● **THE DATA**:

------------------------------------------------

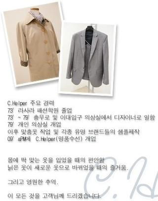 이름: �** 날짜: 2020-05-27 09:42:12 코멘트: 5 코멘트: 방문고객의 설명을 다 들으신 이후에 추가로 필요한 부분등을 설명하시어 좀더 나은 옷을 만들어 주시는 분입니다..워낙 오랜시간 작업을 하신분이라.. 따로 설명이 필요없지만 옷에 맞는 실(색깔)을 찾으시느라 작업 시간이 길어집니다
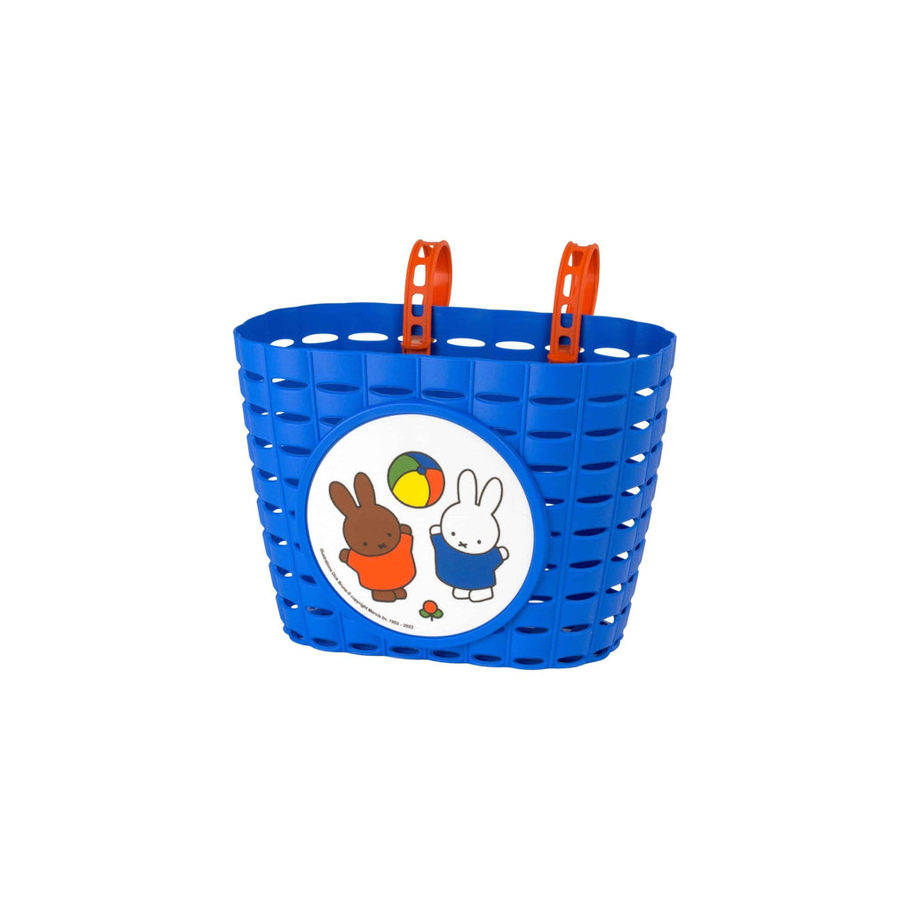 Vrolijke, blauwe mandjes met nijntje bal sticker die heel eenvoudig aan de fiets kunnen worden gemonteerd. In rood en blauw
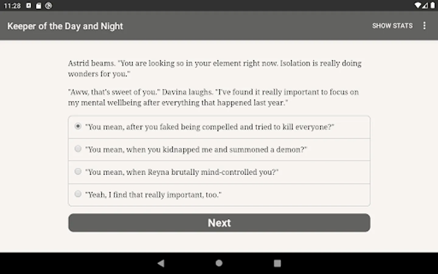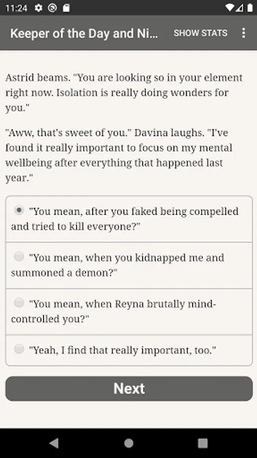 Keeper of Day and Night is a 390,000 word interactive urban fantasy novel by Brynn Chernosky, where your choices control the story. It’s entirely text-based—without graphics or sound effects—and fueled by the vast, unstoppable power of your imagination.

------------------------------------------------

● **WHAT NEEDS TO BE DONE**:
Return all of the material precisely as written. No picture belongs in it.

● **RESULT**:
 이름: �** 날짜: 2020-05-27 09:42:12 코멘트: 5 코멘트: 방문고객의 설명을 다 들으신 이후에 추가로 필요한 부분등을 설명하시어 좀더 나은 옷을 만들어 주시는 분입니다..워낙 오랜시간 작업을 하신분이라.. 따로 설명이 필요없지만 옷에 맞는 실(색깔)을 찾으시느라 작업 시간이 길어집니다
 Vrolijke, blauwe mandjes met nijntje bal sticker die heel eenvoudig aan de fiets kunnen worden gemonteerd. In rood en blauw
 Keeper of Day and Night is a 390,000 word interactive urban fantasy novel by Brynn Chernosky, where your choices control the story. It’s entirely text-based—without graphics or sound effects—and fueled by the vast, unstoppable power of your imagination.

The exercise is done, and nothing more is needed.